Finding Probabilistic Prevalent Colocations in Spatially Uncertain Data Sets

• Published in: IEEE transactions on knowledge and data engineering Vol. 25; no. 4; pp. 790 - 804
• Main Authors: Wang, Lizhen, Wu, Pinping, Chen, Hongmei
• Format: Journal Article
• Language: English
• Published: IEEE 01.04.2013
• Subjects: approximate algorithms; Approximation algorithms; Data mining; Data models; Dynamic programming; Heuristic algorithms; Indexes; possible worlds; Probabilistic logic; probabilistic prevalent colocations (PPCs); Spatial colocations; spatially uncertain data set
• ISSN: 1041-4347; 1558-2191
• DOI: 10.1109/TKDE.2011.256

A spatial colocation pattern is a group of spatial features whose instances are frequently located together in geographic space. Discovering colocations has many useful applications.
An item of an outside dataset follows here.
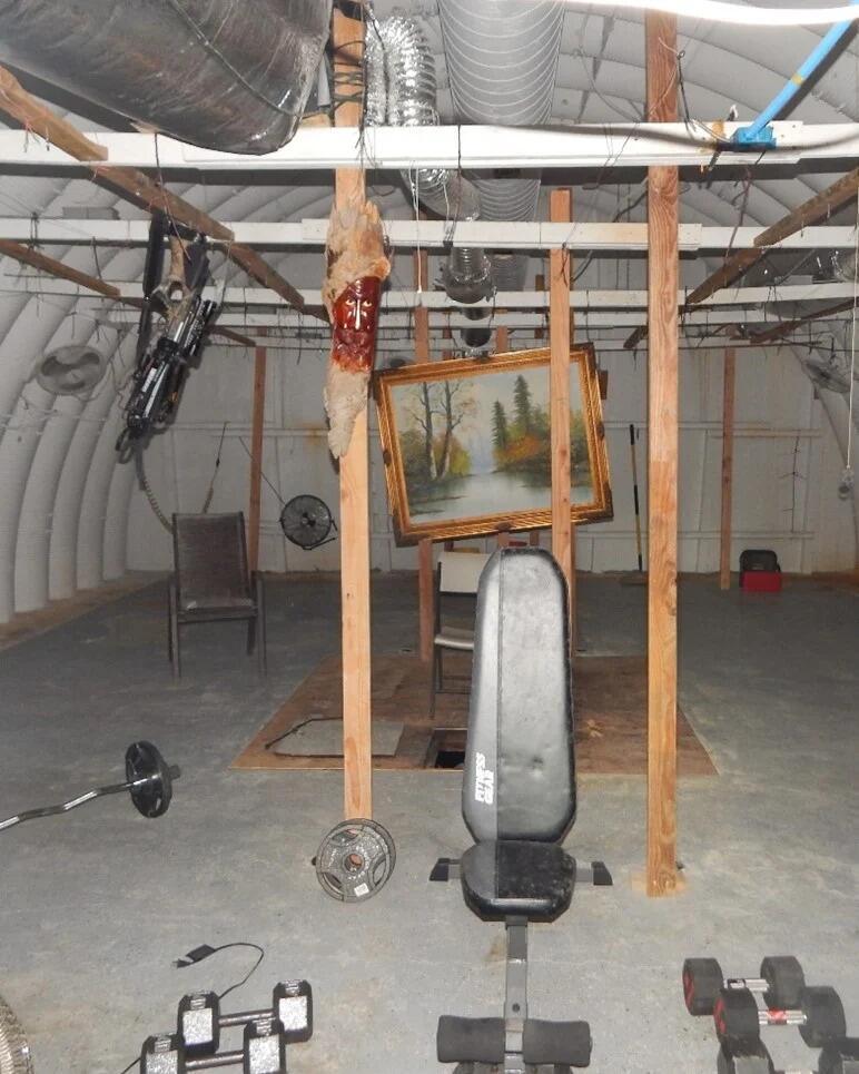 The bunker, equipped with power, ventilation, a concrete floor with built-in drainage, and the necessary supplies to grow weed, also contains a home gym, armchair, television, and workbench with a Bennington flag.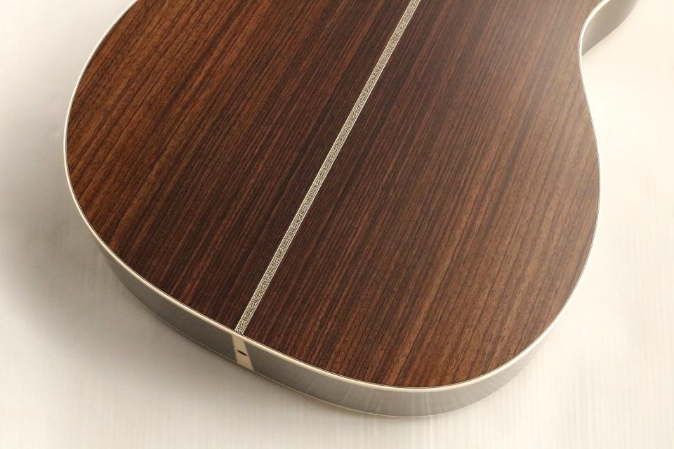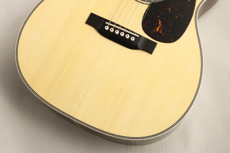 響きは素直な立ち上がりが感じられながらも安定感があり長い残響感を持って響いてくれます。低音の輪郭が鮮明で力強く響く為か000サイズの中でも大きく響いてくれるモデルに仕上がっています。安定した低音に包み込まれるように響き高音域は粒立ち・透明感に優れ、明るく透き通ったような上品な響きが感じられます。さらに中高音域の響きも非常にクリアな為単体で演奏するとすっきりとした印象もありますが、比較してみると音量と透明感に優れた まさに贅をつくした000-28という印象があります。スタンダードシリーズになれている方からすると少々癖のあるネックシェイプですが是非000-28をご検討されていた方に候補に入れて頂きたい一本です。

For example, colocated plant species discovered from plant distribution data sets can contribute to the analysis of plant geography, phytosociology studies, and plant protection recommendations. In this paper, we study the colocation mining problem in the context of uncertain data, as the data generated from a wide range of data sources are inherently uncertain. One straightforward method to mine the prevalent colocations in a spatially uncertain data set is to simply compute the expected participation index of a candidate and decide if it exceeds a minimum prevalence threshold. Although this definition has been widely adopted, it misses important information about the confidence which can be associated with the participation index of a colocation. We propose another definition, probabilistic prevalent colocations, trying to find all the colocations that are likely to be prevalent in a randomly generated possible world. Finding probabilistic prevalent colocations (PPCs) turn out to be difficult. First, we propose pruning strategies for candidates to reduce the amount of computation of the probabilistic participation index values. Next, we design an improved dynamic programming algorithm for identifying candidates. This algorithm is suitable for parallel computation, and approximate computation. Finally, the effectiveness and efficiency of the methods proposed as well as the pruning strategies and the optimization techniques are verified by extensive experiments with "real + synthetic" spatially uncertain data sets.